Coffee Production is Hard Work:
That image above begins to give you a frame of reference for a question I asked, “How do they pick coffee on that mountain?” They looked at my like I was asking the dumbest question in the world. They just said, “with people.” Yep, people climb the side of a mountain and hand-pick every single coffee cherry individually into a basket, which is then gathered at different points and carried in 100 lb bags down the mountain. Good coffee isn’t strip-picked; they don’t just grab a branch and pull. They pick each individual ripe cherry to get the best coffee cherries possible. If they pick unripe cherries with ripe ones, then the coffee will taste under-roasted. So to compensate, people will over-roast poorly picked coffee. Obviously, at Sagebrush that isn’t our coffee, so we need individuals to scale a mountain and hand-pick coffees off of that tree three to five times a season. Think about the labor in that. And frankly, that is just the beginning. Everywhere we drove we saw coffee drying beds, large patios full of coffee in a nearly single layer. These beds would need to be watched throughout the day and the coffee was generally ‘turned’ every 30 minutes by raking them. People were constantly raking coffee. All of this is just the practice of the harvest. It was mesmerizing watching the producers share the results of multi-season tests. For example, they may think to plant Geisha varieties at the top of the mountain because then they won’t be as susceptible to leaf rust, but then they don’t produce as well, because of air density. That test takes three to five years to run. Most of these producers are third or fourth generation farmers and the ‘young’ guys are getting master’s degrees in agricultural engineering.
When I say, “We strive to put on display the hard work of the coffee producers in our coffees and drinks,” I mean, when we spend 7-15 minutes per batch roasting the coffee, we truly are trying to stay out of the way. We use our roasting practices to just not mess up all of the work done upstream in our supply chain.

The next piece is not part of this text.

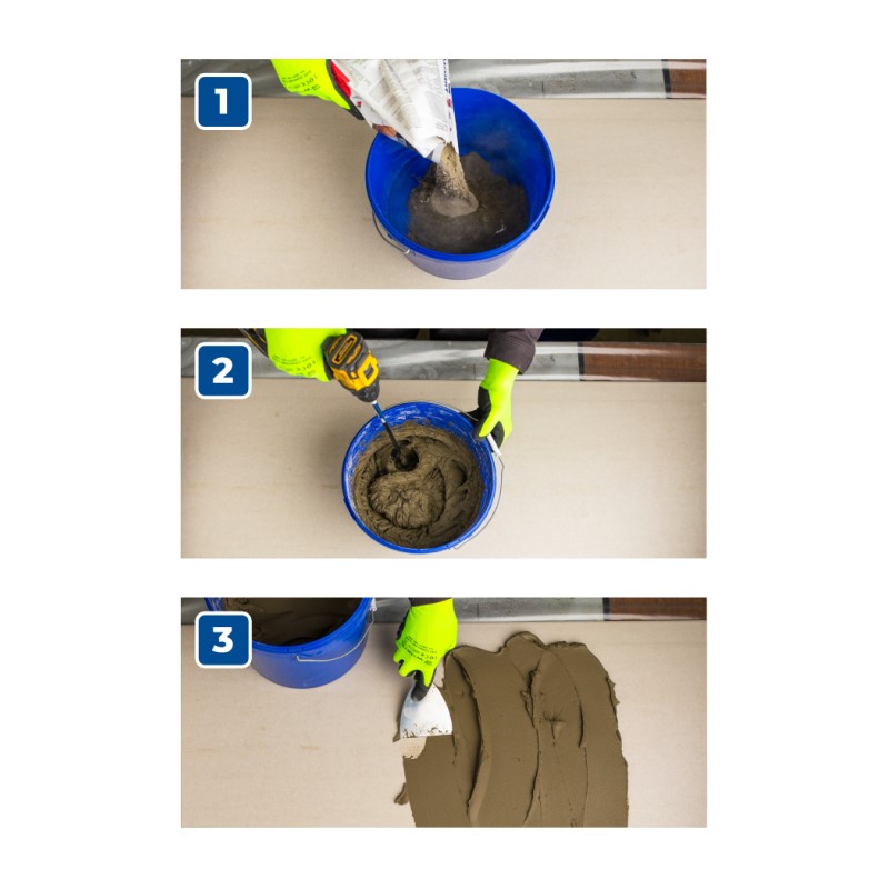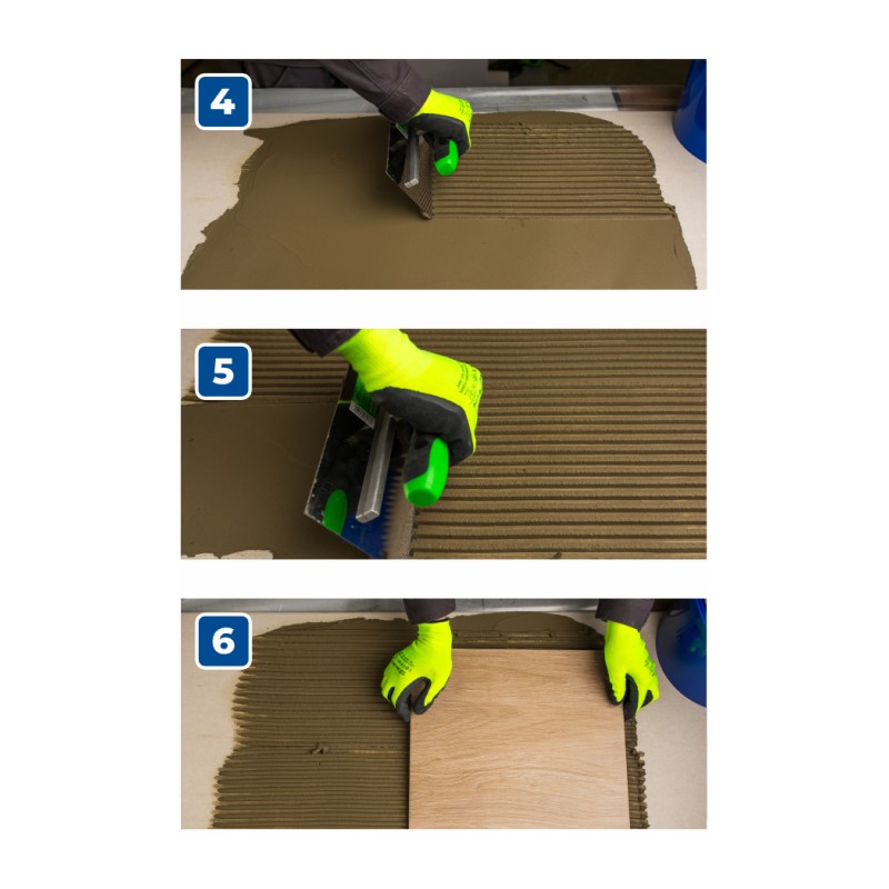 - Высокая адгезия: Максимальная толщина клеевого слоя — 15 мм, обеспечивает надёжное сцепление даже тяжёлых плиток.

It was everything I’d hoped and nothing I expected:
During the trip, I asked a few people what they thought was the most important part of roaster origin trips. The answer varied, but the overarching theme was relationships. We live a world apart and have everything in common. I knew we’d meet producers and learn about their lives, but there was something magical about sitting around a table with 10 coffee-producing families and hearing about how since our borders opened up, their livelihood is at risk. The best producer lost 20% of their available workforce, which considering the current production processes translates directly to a 20-40% yield loss on their crops. As our prices of gas go up, we may pay a dollar or two more at the pump, but that impacts fertilizer prices, which is a coffee producer's biggest expense. Those prices have doubled. So what do they do? They were debating, do they strip-pick and sell to the C-market? Do they up the prices by 50% and hope that we’ll pay? They didn’t know, but they were multi-generational farmers worried about next year. We closed the conversation with a prayer, it was sweet to hear Don Edwin recognize what we at Sagebrush know is true. We may plan our ways, but we have to rely on a Sovereign God to control the outcome. A world apart and everything in common.